**Work to be completed**
Using the material below, repeat exactly the lines from the one with "七)蔥花、蒜片、花椒、辣交入鍋煸香" through the one with "据说鸟园内半数以上品种都濒临", ends included, without any images.

**Data extracts**
────────────────
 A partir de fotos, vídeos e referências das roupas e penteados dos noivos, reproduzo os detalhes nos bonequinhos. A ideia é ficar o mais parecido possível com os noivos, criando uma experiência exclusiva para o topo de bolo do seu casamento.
────────────────
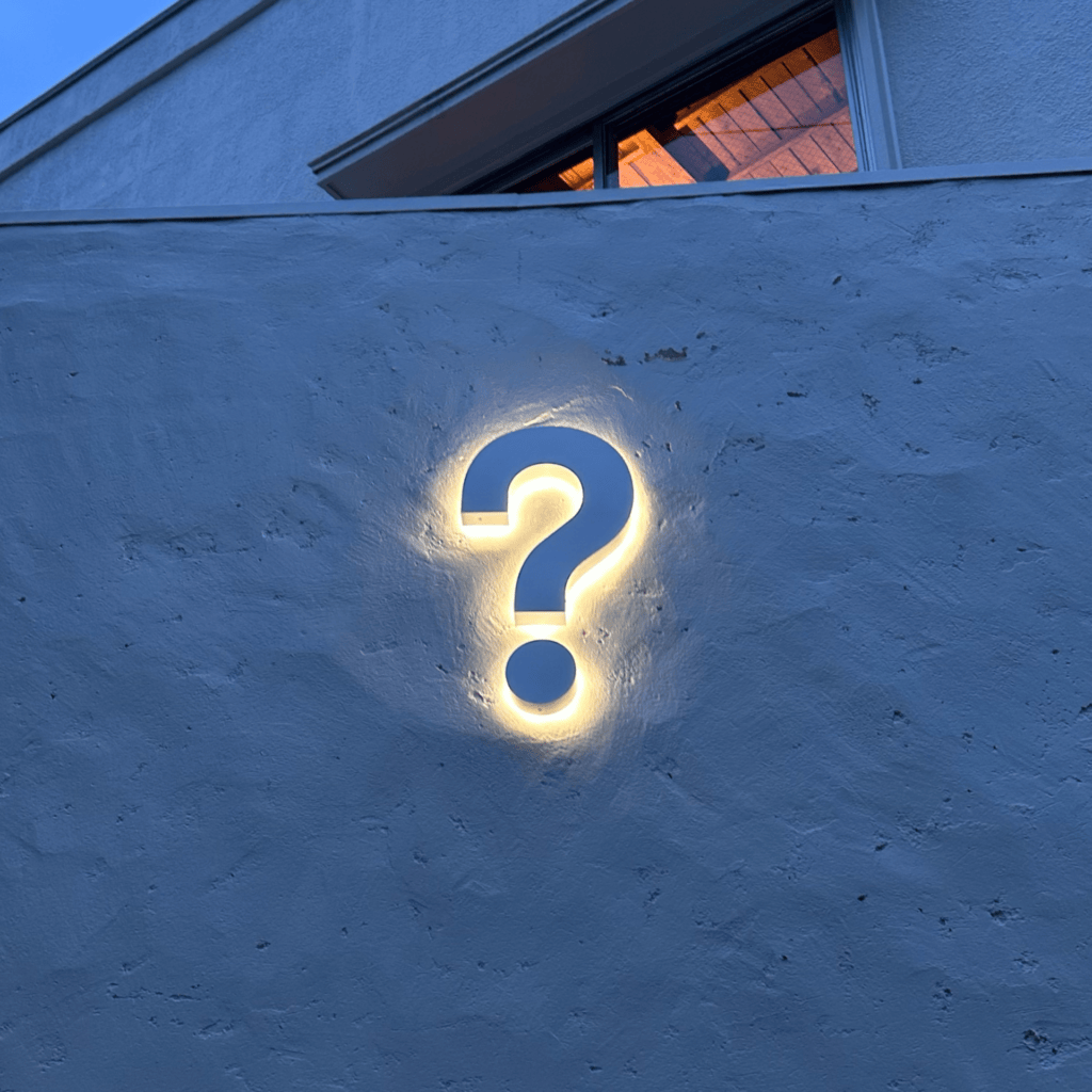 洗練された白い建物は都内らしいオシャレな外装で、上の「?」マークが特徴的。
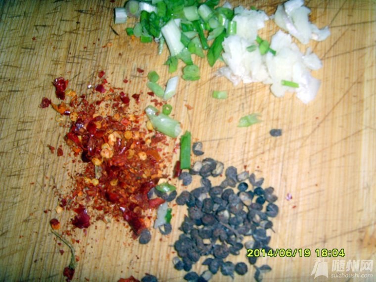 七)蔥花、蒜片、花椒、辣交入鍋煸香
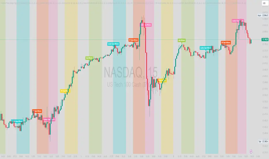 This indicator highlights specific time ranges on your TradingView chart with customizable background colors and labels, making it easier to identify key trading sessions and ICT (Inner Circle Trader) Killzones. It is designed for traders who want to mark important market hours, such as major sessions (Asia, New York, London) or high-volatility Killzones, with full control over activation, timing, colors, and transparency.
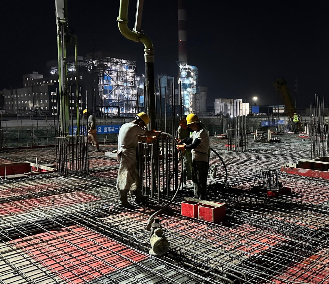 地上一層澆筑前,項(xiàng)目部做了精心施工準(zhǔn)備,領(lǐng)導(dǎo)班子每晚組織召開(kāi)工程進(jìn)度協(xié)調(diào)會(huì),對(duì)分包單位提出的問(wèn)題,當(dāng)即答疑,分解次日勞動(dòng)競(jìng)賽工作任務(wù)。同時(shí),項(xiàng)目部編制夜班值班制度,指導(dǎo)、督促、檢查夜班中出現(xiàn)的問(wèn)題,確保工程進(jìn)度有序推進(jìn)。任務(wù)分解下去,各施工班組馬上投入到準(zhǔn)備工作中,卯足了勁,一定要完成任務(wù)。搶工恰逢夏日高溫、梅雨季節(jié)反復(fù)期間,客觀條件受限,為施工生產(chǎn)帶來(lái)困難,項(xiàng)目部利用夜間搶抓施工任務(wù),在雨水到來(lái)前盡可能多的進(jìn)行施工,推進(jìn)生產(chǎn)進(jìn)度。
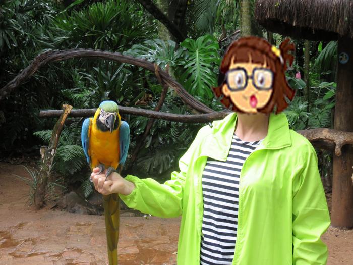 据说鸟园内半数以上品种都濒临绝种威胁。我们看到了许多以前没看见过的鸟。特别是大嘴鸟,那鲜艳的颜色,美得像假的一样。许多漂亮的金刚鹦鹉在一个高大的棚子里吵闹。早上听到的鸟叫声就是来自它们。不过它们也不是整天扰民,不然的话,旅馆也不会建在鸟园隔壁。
────────────────
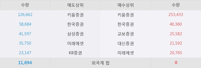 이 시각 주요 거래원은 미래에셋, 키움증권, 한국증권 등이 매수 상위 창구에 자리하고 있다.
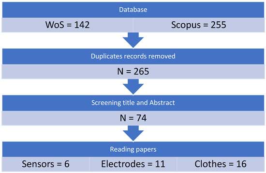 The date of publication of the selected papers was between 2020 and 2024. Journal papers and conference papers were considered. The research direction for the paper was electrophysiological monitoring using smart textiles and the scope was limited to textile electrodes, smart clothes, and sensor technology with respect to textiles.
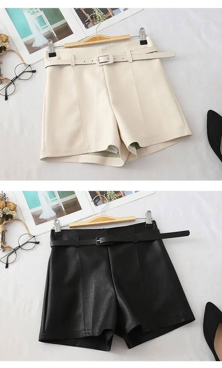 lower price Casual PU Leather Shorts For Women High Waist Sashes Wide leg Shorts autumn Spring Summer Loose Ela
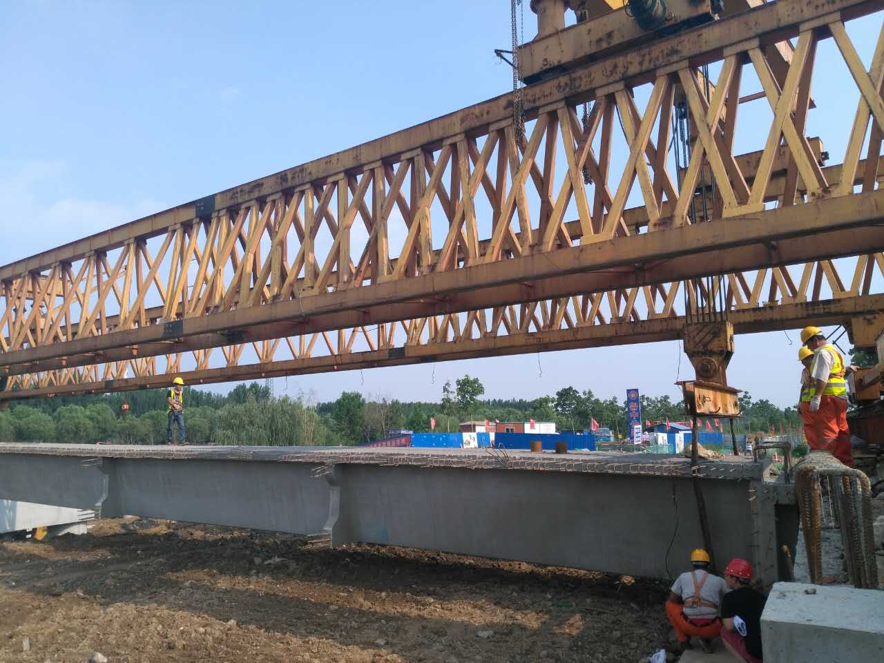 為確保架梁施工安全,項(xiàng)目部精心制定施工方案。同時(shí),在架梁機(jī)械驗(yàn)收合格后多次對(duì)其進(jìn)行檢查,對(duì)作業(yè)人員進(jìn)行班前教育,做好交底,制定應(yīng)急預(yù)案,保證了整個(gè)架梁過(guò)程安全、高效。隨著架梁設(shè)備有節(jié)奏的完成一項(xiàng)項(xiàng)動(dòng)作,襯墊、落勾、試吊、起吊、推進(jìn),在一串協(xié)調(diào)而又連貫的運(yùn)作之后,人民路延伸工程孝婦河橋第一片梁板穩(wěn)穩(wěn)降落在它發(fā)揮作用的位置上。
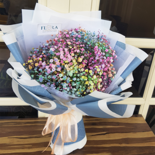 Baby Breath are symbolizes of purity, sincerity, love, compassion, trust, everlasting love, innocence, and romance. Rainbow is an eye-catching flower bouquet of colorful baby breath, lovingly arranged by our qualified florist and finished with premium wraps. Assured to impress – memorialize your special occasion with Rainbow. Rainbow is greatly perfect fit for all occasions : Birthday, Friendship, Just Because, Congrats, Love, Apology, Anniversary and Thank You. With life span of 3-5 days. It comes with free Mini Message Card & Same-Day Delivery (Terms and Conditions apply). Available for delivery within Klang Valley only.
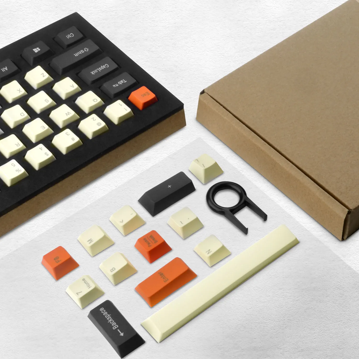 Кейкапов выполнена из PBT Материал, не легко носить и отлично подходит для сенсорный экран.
────────────────
**Task response**
 七)蔥花、蒜片、花椒、辣交入鍋煸香
 This indicator highlights specific time ranges on your TradingView chart with customizable background colors and labels, making it easier to identify key trading sessions and ICT (Inner Circle Trader) Killzones. It is designed for traders who want to mark important market hours, such as major sessions (Asia, New York, London) or high-volatility Killzones, with full control over activation, timing, colors, and transparency.
 地上一層澆筑前,項(xiàng)目部做了精心施工準(zhǔn)備,領(lǐng)導(dǎo)班子每晚組織召開(kāi)工程進(jìn)度協(xié)調(diào)會(huì),對(duì)分包單位提出的問(wèn)題,當(dāng)即答疑,分解次日勞動(dòng)競(jìng)賽工作任務(wù)。同時(shí),項(xiàng)目部編制夜班值班制度,指導(dǎo)、督促、檢查夜班中出現(xiàn)的問(wèn)題,確保工程進(jìn)度有序推進(jìn)。任務(wù)分解下去,各施工班組馬上投入到準(zhǔn)備工作中,卯足了勁,一定要完成任務(wù)。搶工恰逢夏日高溫、梅雨季節(jié)反復(fù)期間,客觀條件受限,為施工生產(chǎn)帶來(lái)困難,項(xiàng)目部利用夜間搶抓施工任務(wù),在雨水到來(lái)前盡可能多的進(jìn)行施工,推進(jìn)生產(chǎn)進(jìn)度。
 据说鸟园内半数以上品种都濒临绝种威胁。我们看到了许多以前没看见过的鸟。特别是大嘴鸟,那鲜艳的颜色,美得像假的一样。许多漂亮的金刚鹦鹉在一个高大的棚子里吵闹。早上听到的鸟叫声就是来自它们。不过它们也不是整天扰民,不然的话,旅馆也不会建在鸟园隔壁。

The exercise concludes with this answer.